500 Jahre nach dem Beginn der Reformation sieht die evangelische Kirche Bedarf für weitreichende Veränderungen. In Bonn startete die Synode der Evangelischen Kirche in Deutschland (EKD) am Montag einen Diskussionsprozess, der die Frage danach stellt, wie zukunftsfähig die Institution angesichts von Mitglieder- und Bedeutungsverlust in der säkularen und pluralen Gesellschaft ist. Sie will den Schwung des gerade zu Ende gegangenen Reformationsjubiläums für Reformen nutzen. Konkrete Veränderungen klangen für die Gestaltung der Gottesdienste und der oft als starr empfundenen Kirchenmitgliedschaft an.
Gottesdienste müssten einladender, professioneller und kürzer werden, sagte der Religionssoziologe Detlef Pollack vor der Synode. Viele hätten am Sonntagvormittag anderes zu tun, das ihnen wichtiger sei, daher sollte ein Gottesdienst nicht länger als 50 oder 60 Minuten dauern. Das wichtigste kirchliche Format werde zunehmend zu einer Insider-Veranstaltung, berge aber großes Mobilisierungspotenzial: 60 Prozent der Menschen, die mindestens einmal im Monat in die Kirche gehen, engagierten sich dort ehrenamtlich.
Pollack konstatiert insgesamt eine "schwache religiöse Nachfrage" in der säkularen westlichen Gesellschaft. Das größte Problem der Kirche bestehe heute darin, dass Glaube und Kirche den Menschen nicht so wichtig seien: "Sie haben andere Prioritäten", sagte der Wissenschaftler der Universität Münster. Die Kirche müsse daher den Sinn für Religion und "das Unendliche" in der Gesellschaft präsent halten und versuchen, den Menschen die Frage nach Gott dringlich zu machen.

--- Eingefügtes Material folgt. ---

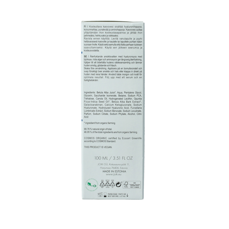 Ontdek de kracht van natuurlijke hydratatie met de JOIK Organic Moisture Magnet Hydrating Facial Toner. Deze unieke toner is verrijkt met hyaluronzuur, berken sap en rode algen, speciaal samengesteld om je huid te revitaliseren en te beschermen. Hyaluronzuur staat bekend om zijn vermogen om vocht vast te houden, waardoor je huid voller en stralender wordt. Berken sap uit Estland, rijk aan antioxidanten, beschermt tegen schadelijke milieufactoren en bevordert celvernieuwing. De rode algen uit Saaremaa zorgen voor een verbeterde elasticiteit en verminderen de zichtbaarheid van fijne lijntjes. Deze toner is geschikt voor alle huidtypen en bereidt je huid perfect voor op verdere verzorging. Met 99,76% natuurlijke ingrediënten, waarvan 46,95% biologisch, is deze toner niet alleen effectief, maar ook milieuvriendelijk. COSMOS ORGANIC gecertificeerd en vegan, gemaakt met 100% groene energie.

Auf Debatte über Werte einlassen
Der Bochumer Historiker Lucian Hölscher riet der Kirche, die säkulare Gesellschaft weder als Gegner des Christentums noch als passives Handlungsfeld für Mission zu sehen, sondern als Gegenüber, das den Kirchen etwas zu geben habe. Viele säkulare Menschen und Institutionen unterstützten die Kirchen, weil es zahlreiche gemeinsame Anliegen gebe. Die Kirchen sollten ihrerseits bereit sein, sich auf Debatten über Werte und Grundlagen des Zusammenlebens einzulassen.
Die katholische Politikwissenschaftlerin und Journalistin Christiane Florin rief zu einem wachen Blick auf die Gesellschaft und zu einer "belangvollen" Ökumene auf. In beiden großen Kirchen gebe es wenige Orte, an denen über die viel beschworene Botschaft gesprochen werde: "Was ich wirklich glaube, ist selten ein Thema." Sie warnte die Kirchen vor "Selbstgenügsamkeit" und vor einer Überschätzung der inneren Pluralität. Die Pole hießen nicht mehr "evangelisch" oder "katholisch", sondern "liberal" oder autoritär".
Die 120 Mitglieder des Kirchenparlaments sollen bei ihrer bis Mittwoch dauernden Jahrestagung ein Papier erarbeiten, das Anstöße für mögliche Veränderungen gibt. Die Gedanken des Synodenpräsidiums zum Schwerpunktthema "Zukunft auf gutem Grund" enthält Thesen und Fragen zur Kommunikation und Beteiligungsmöglichkeiten in der evangelischen Kirche.
Konkret wird etwa gefragt, ob das Kirchenmitgliedschaftsrecht "vielfältiger" gestaltet werden kann. Anlass dafür sei das "Bedürfnis vieler Menschen, Kirche erst einmal auszuprobieren", sagte der Vizepräses der EKD-Synode, Klaus Eberl. Allerdings werfe eine gestufte Mitgliedschaft grundlegende Fragen etwa nach dem Kirchensteuereinzug und der Verbindlichkeit von Kirchenzugehörigkeit auf. Noch lasse sich nicht vorhersagen, was die entsprechenden Überlegungen ergeben, sagte Eberl. In der Vorlage des Präsidiums werden noch weitere Fragen gestellt, die in der Diskussion um die Zukunft der Kirche eine Rolle spielen sollten, unter anderem, wie Kirche es schaffen kann, häufiger vom Sende-Modus zum Dialog überzugehen, und und wie Kirche über die bekannten Milieus hinaus wirken kann.